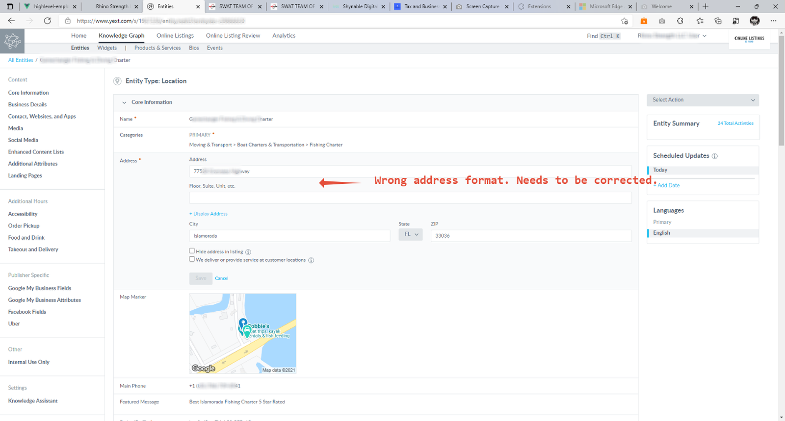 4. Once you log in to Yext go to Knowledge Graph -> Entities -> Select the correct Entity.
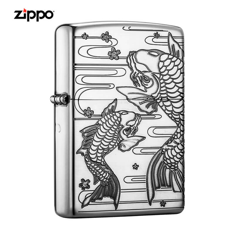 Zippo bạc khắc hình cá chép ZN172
▬▬▬▬▬▬▬▬▬▬
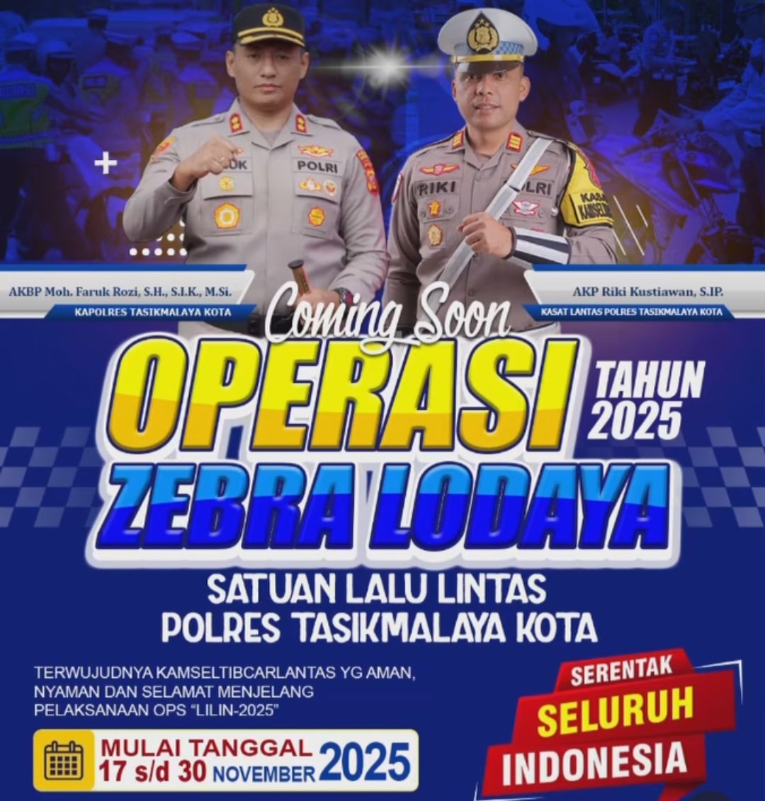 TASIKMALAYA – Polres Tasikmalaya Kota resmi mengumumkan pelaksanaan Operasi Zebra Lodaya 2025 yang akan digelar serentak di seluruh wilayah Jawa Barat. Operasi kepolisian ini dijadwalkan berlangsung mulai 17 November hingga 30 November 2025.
▬▬▬▬▬▬▬▬▬▬
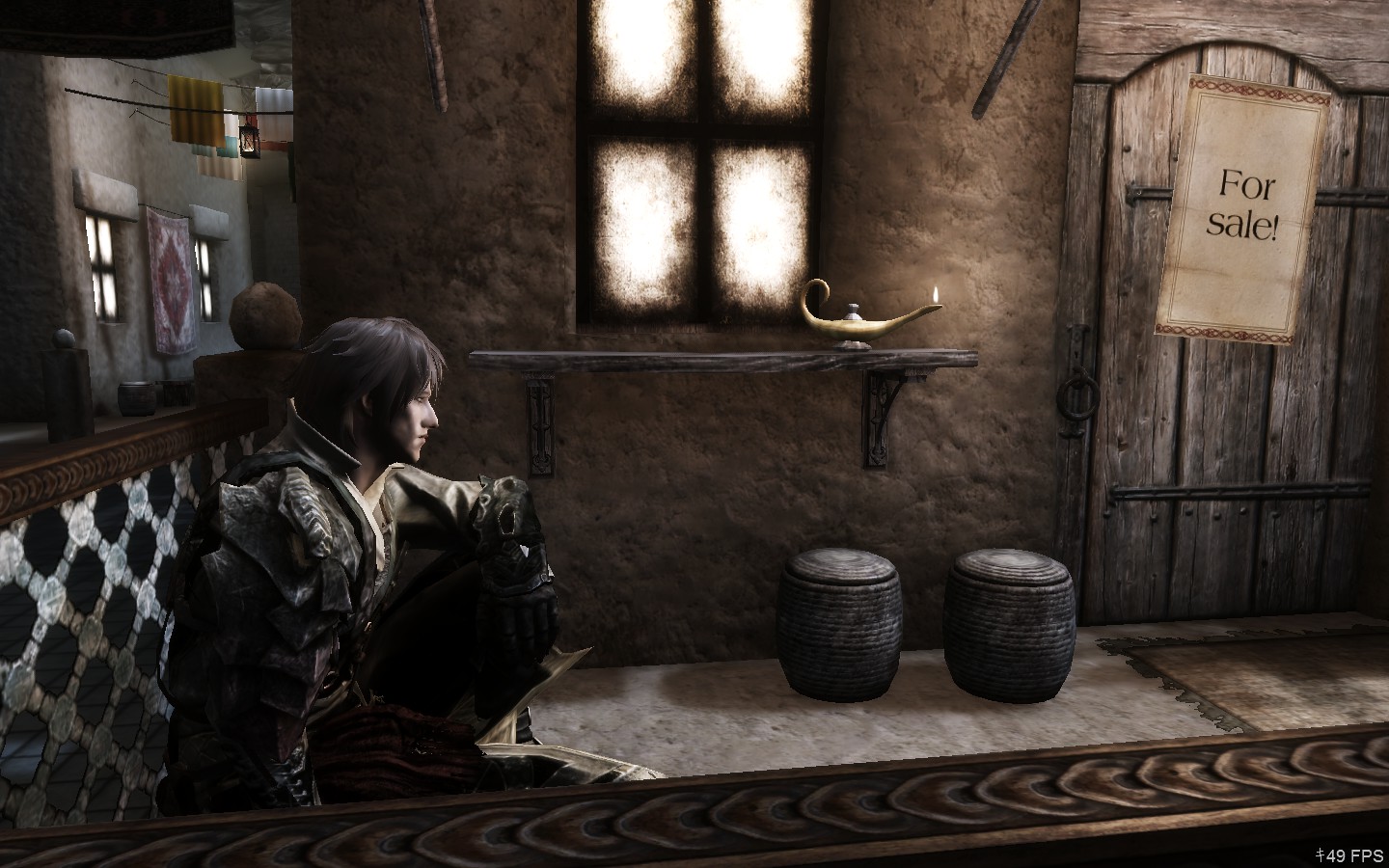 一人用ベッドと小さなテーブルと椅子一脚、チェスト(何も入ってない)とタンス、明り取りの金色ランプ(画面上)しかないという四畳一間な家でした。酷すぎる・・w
▬▬▬▬▬▬▬▬▬▬
— Exercise —
What do the entries above read from the line containing "4. Once you" through the line containing "Zippo bạc khắc hình cá chép ZN172"? Output those lines exactly, both ends included, with the pictures left out.

— Exercise answer —
 4. Once you log in to Yext go to Knowledge Graph -> Entities -> Select the correct Entity.
 Zippo bạc khắc hình cá chép ZN172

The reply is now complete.